My newest thinking is to tape all the bottom layer of reflectix together and seal it to the body, making the insulation and air spaces above separated by a vapor barrier. Won't happen until dry, warm weather and i can get everything opened up and dried out, and i have the time available to take it apart for more than 2 weeks.
Hope it's OK to hijack your own thread.
Jef
 

220629

Well-known member
...
Hope it's OK to hijack your own thread.
Jef
Jeff,
It is, but then you need to pay tribute to all Sprinter-source members. I suggest you start with me.
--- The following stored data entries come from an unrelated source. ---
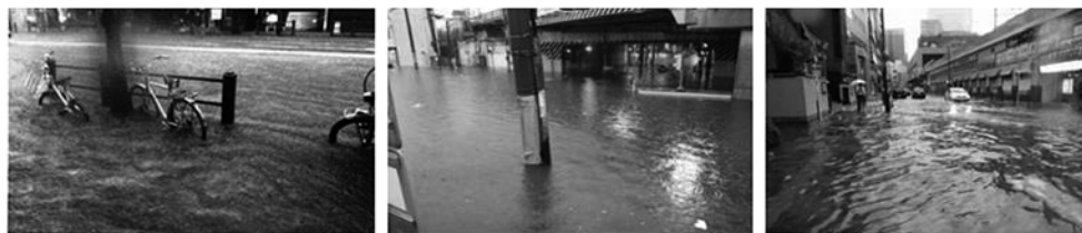
平成23年8月27日の浸水状況 (大阪市中心部)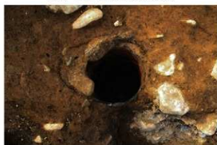
SR12 検出状況(南東から)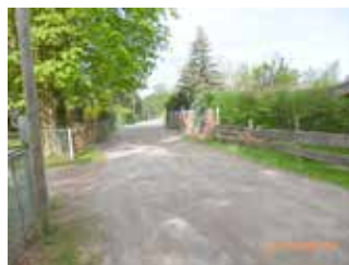
Krumme Straße vor Baudurchführung

Kostenbeteiligung pro Quadratmeter: Abrechnung erst in 2026 möglich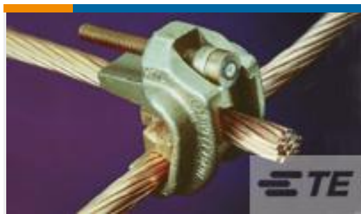
TE 产品编号83749-2 WRENCH-LOK 3/0-3/0, 300-#2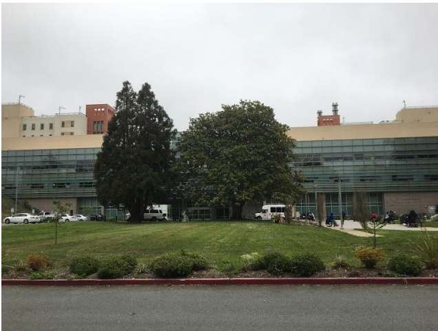
リハビリセンター外景

低所得者の方のためのリハビリセンター。アメリカは医療費が高額なため、病院に入院することが難しい低所得者は、在宅生活を継続する以外の選択肢が少ないため、ここでリハビリをして帰ることになる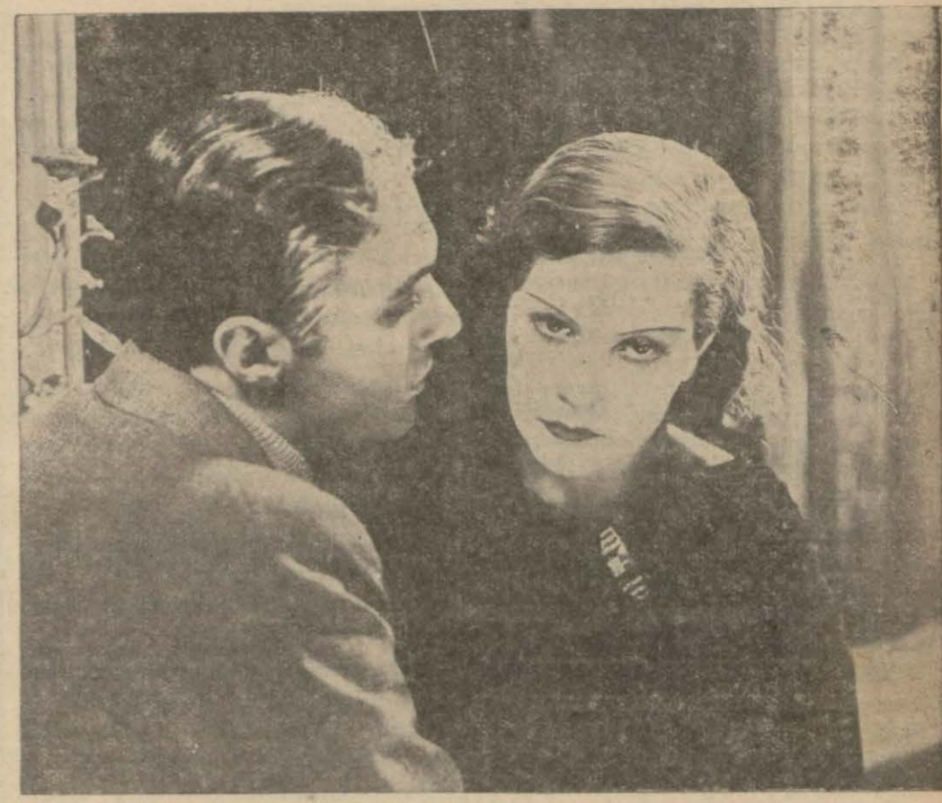
(Atmaca) filminde Nathalie Paley, Charles Boyer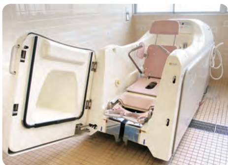
車椅子の方でも入れる特殊浴槽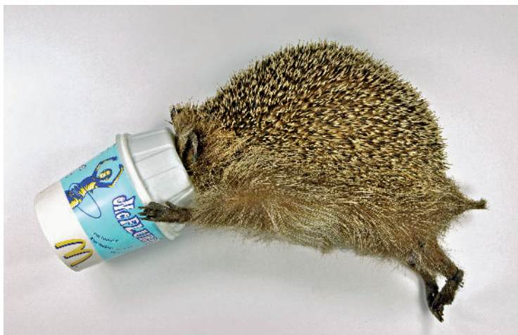
De McFlurry-egel uit 2007 werd opgezet met de ijsbeker die hem fataal werd.

Een van de weinige verslavingen die ik heb, is de McFlurry®. Dat is een vanille-ijsje waar ze (nog meer) zoetigheid op strooien en er vervolgens doorheen draaien, M&M's bijvoorbeeld. Heerlijk! Als ik in de buurt ben van een vestiging van de hamburgergigant die ze verkoopt, dan val ik ervoor. Ik heb deze zwakte lang voor me gehouden, maar nu kom ik ermee naar buiten vanwege 2009, het Jaar van de Egel.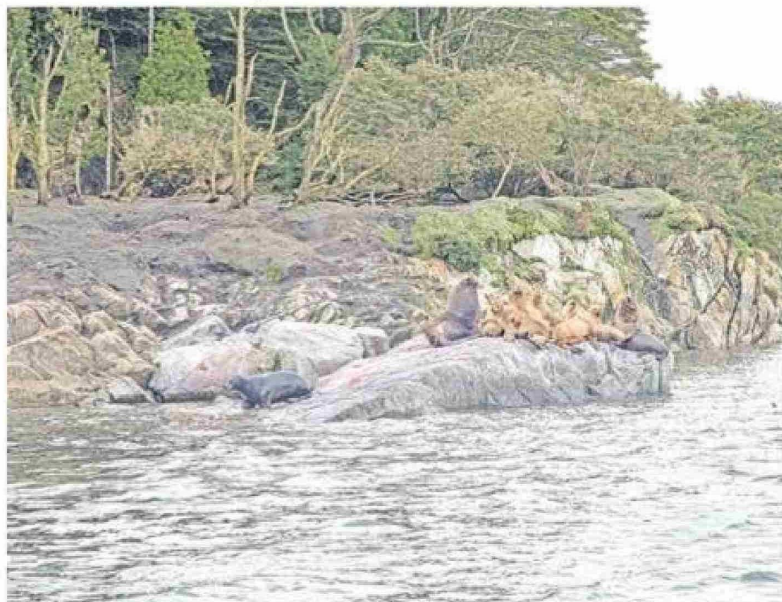
En esta zona se pueden ver delfines, colonias reproductivas de lobo marino común y pingüino magallánico, además de ballenas jorobadas, que viajan desde el hemisferio norte hasta las aguas interiores de Chile.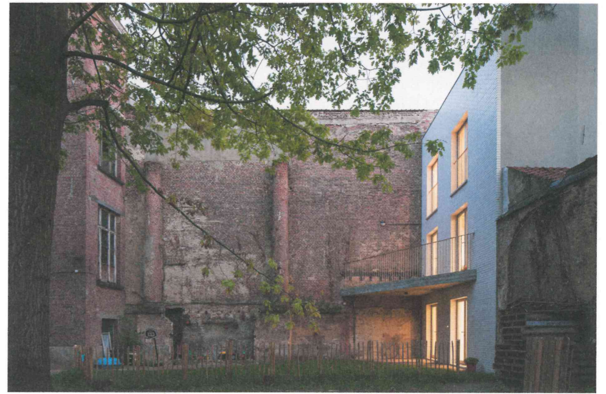
Generiek, Cross House, Gent

Zoals bij de meeste startende architecten bestaat hun architectenpraktijk voornamelijk uit privéopdrachten. Deze universele basisopdrachten beschouwen ze als

Many of you guys put a lot of thought and effort into making your Sprinters perfect. That is very admirable. :thumbup: Your wife's next husband will really appreciate it I'm sure. :tongue: My wife's next husband will get a rust spotted, not very clean, dog hair filled wreck. That's my reason for it being in the condition it is and I'm stickin' to it. :crazy: :cheers: vic
 

wildimaginations

Wild Imaginations
The snow looks like a lot of fun but I'm too scared to drive into snow anymore. Had a bad experience where on a slight decline, couldn't slow down. Thank goodness the light turned green at the intersection by the time I slid right on through it. Just send more pics of your snow adventures and I will be happy with that.
 

cedarsanctum

re: Member
The snow looks like a lot of fun but I'm too scared to drive into snow anymore. Had a bad experience where on a slight decline, couldn't slow down. Thank goodness the light turned green at the intersection by the time I slid right on through it. Just send more pics of your snow adventures and I will be happy with that.
Here's a picture of my daily commute. I walk across the Breitenbush river several times a day on a footbridge. This photo was also taken early in the storm that brought this snow.
10 9:07 AM.jpg

Looks like the snow might break up before i leave. Temps have been above freezing and rain is expected by Friday, the day i leave. Hoping it doesn't fog up the windows very bad. The overall condensation problem i had last week is easing a bit since i stopped trying to cook inside. When i get home, i'll try to dry it further.